Explosions look cooler at 60Hz.


US power distribution is way more distributed than in Europe, in which everything is planned and centralized.

In the US there are transformers everywhere, you can see a house and a small transformer nearby.

In Europe they have this big monsters that cost several million dollars and require a train to move.

In Europe transformers in the city use to be underground and you won't see anything but a blackout of power.

It happened in Madrid some years ago.

Old transformers are very toxic as mineral oil with aromatic rings is burned,which is carcinogenic. New transformers use Hexafluoride SHF6 that are smaller, innocuous and easier to control.

But it cost a lot of money to update your infrastructure.

New York also has experimental superconductor lines.

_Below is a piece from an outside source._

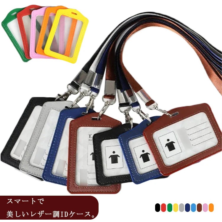 IDカードホルダー 横型 縦型 ネックストラップ付き 社員証ケース idカードケース 薄型 パスケース 定期入れ 社員証入れ IDカード入れ 合皮 PU IDカードケース ICカード入れ 名刺入れ 機

> In Europe they have this big monsters that cost several million dollars and require a train to move.

Europe is just denser. But frankly, you don't seem to know what you're talking about.

1.2-5MW transformers are really everywhere in France/Switzerland. Sometimes many per villages.

It makes sense: You prefer to have two transformers far apart than a big one and 2kms of 230/380V wiring.


> Old transformers are very toxic as mineral oil with aromatic rings is burned,which is carcinogenic.

PCBs: https://en.wikipedia.org/wiki/Polychlorinated_biphenyl


The fluids were often polychlorinated biphenyls, which are nasty in their own right, and produce even worse things when thermally degraded, such as dioxins.